Currently, Aduna works with 1,823 women baobab producers across Upper East Ghana and Centre-Sud Burkina Faso. Their team has streamlined the harvesting process and eliminated the opportunity for middlemen to cheat locals. As a result, household income has increased tenfold, paying for better education, food, and healthcare for their 11,000 dependents.


Baobab producer and mother of 6, Batebe Atesu, reveals how Aduna has impacted her life:

“The baobab tree is a big blessing. In the past we did not know it was this valuable. The fruits used to drop and we didn’t even bother picking them. Life used to be really hard. Today we sell the fruits and make a lot of money. Our lives are transformed. I sell Aduna my baobab and I work in their processing centre. We get support and training in many areas.”

National Geographic estimates that global demand for baobab could yield 1 billion dollars a year for rural Africa. Yet, without a growing market or supply chain, this prized fruit simply goes to waste.

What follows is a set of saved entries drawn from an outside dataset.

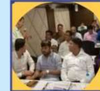
Training Program & workshop
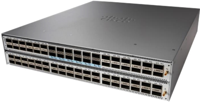
Figure 8. Cisco 8202-SYS
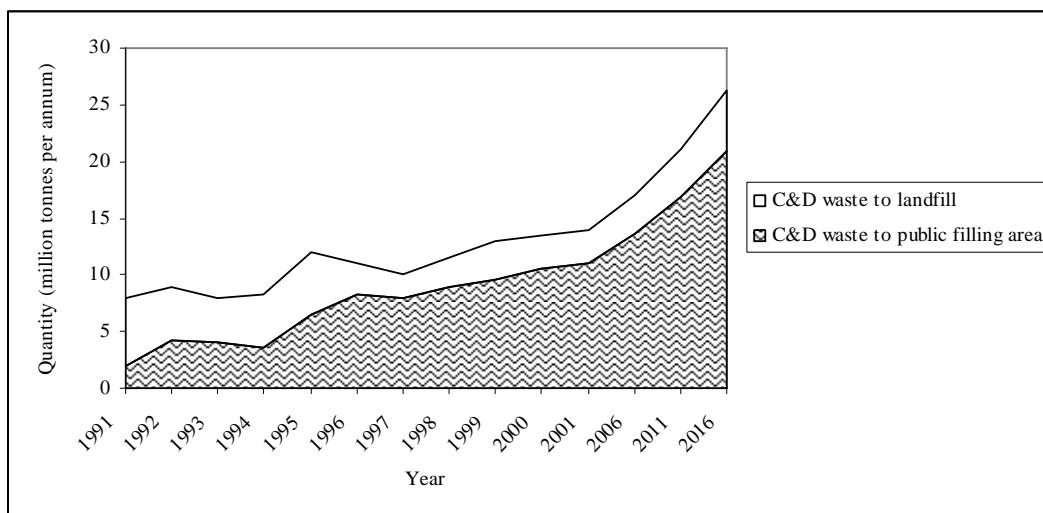
Figure 1: Trend of quantities of construction and demolition waste disposed of at public filling areas and landfills from 1991-2016 (Environmental Protection Department, 2006)
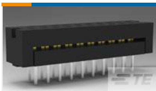
TE Part #1-746610-5 20 DIP PLUG, 100CL, LEAD FREE
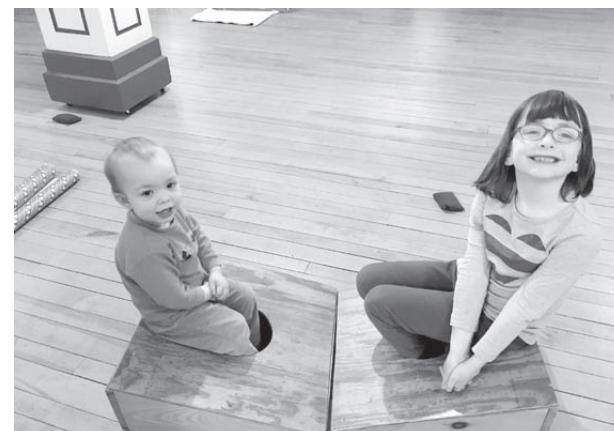
The only picture taken at Game Night.
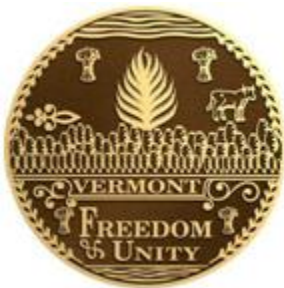
Philip B. Scott Governor

Given under my hand and the Great Seal of the State of Vermont on this 10th day of April, A.D. 2018
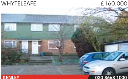
Large one bedroom ground floor maisonette, 22' lounge, double bedroom, refitted kitchen and batt room. Own private rear garden with direct access from the kitchen. Parking and garage. No onward chain.
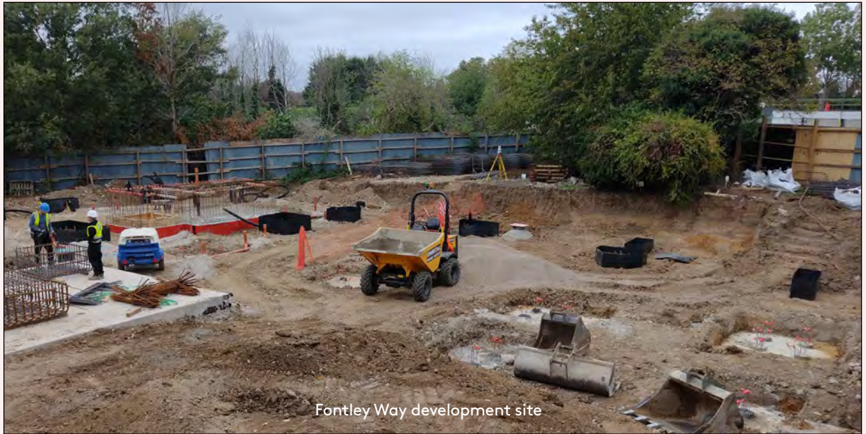
Fontley Way development site

Stay tuned for more updates in future newsletters!
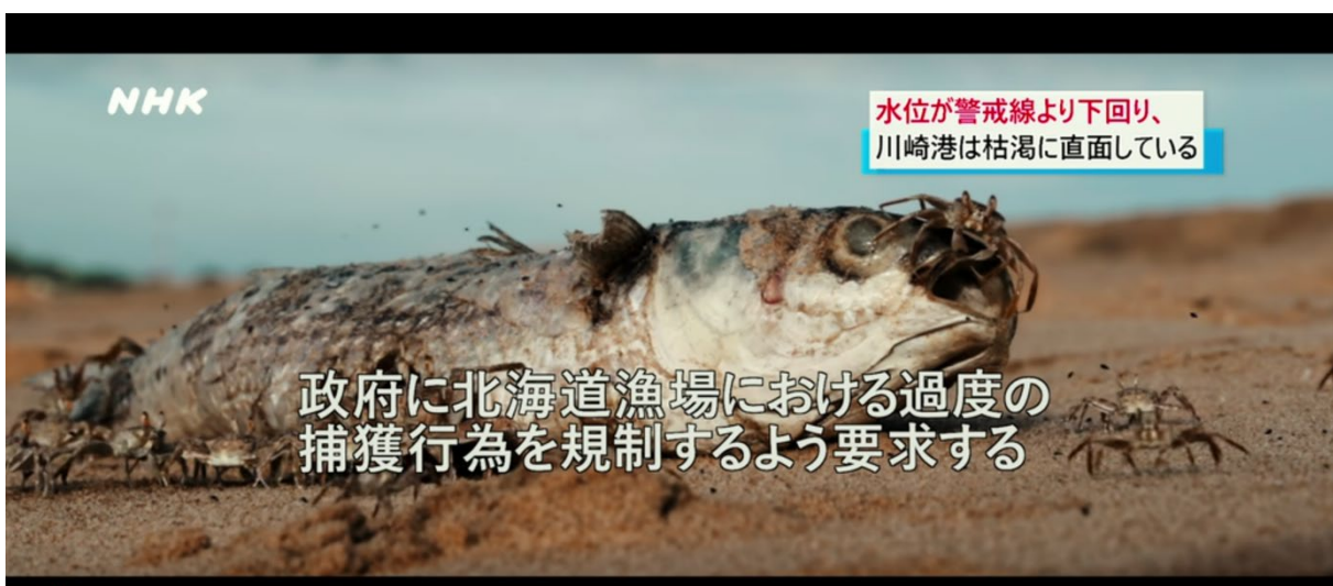
Figure 1: News footage of the environmental crisis (still from The Wandering Earth )

The catastrophe in The Wandering Earth is the Sun's transformation into a red giant, but this distant cosmic event is pulled into the near-future and portrayed in the opening scene through news footage that emulates current climate change coverage.

What’s more, Africa has an abundance of unique products bursting with nutritional value — undiscovered in potential. As well as baobab, Aduna is supporting a global fair trade demand for the ancient nutty super-grain, fonio, cultivated in West Africa for 5000 years. The Dogon people of Mali believe the entire universe was born out of a single grain of fonio, whilst an article from The Guardian hails it: ‘the grain that would defeat quinoa as king among foodies’. Naturally gluten-free, diabetic-friendly due to low GI (Glycaemic Index), rich in iron and vitamins B1 and B3 for optimum mental health — the health benefits are universal.

Aduna also has a range of Super-Teas, uniquely crafted blending the highest quality active botanical ingredients. Each cuppa is brimming with organic superfoods, simultaneously fuelling your body and immune system whilst creating a sustainable income for rural African families, allowing you to sip with purpose. Their maxim: drink tea, feel good, do good.



Clearly, Aduna embraces its role as an advocate for the 5 Ps of the Positive Compass: Planet, People, Places, Partners, and Purpose. Helping to reverse desertification and climate change they are in the right relationship with nature; they elevate human potential through supporting and training local producers; they empower communities by championing African biodiversity; they provide resonant value for producer and consumer alike. And they are driven by a powerful life-affirming.

Aduna means ‘life’ or ‘world’ in Wolof, one of the main languages of The Gambia and Senegal. It encapsulates a philosophy of wholeness — embracing integrality, self-sufficiency, and interconnectedness (recent breakthroughs in quantum physics corroborate this connected worldview). As consumers become increasingly conscious about the products they choose to buy, it is necessary to consider this philosophy of Aduna; to appreciate each transaction within its wider economic sphere. This will help to compound communities and futures which are not menial or exploited, but regenerative and auspicious.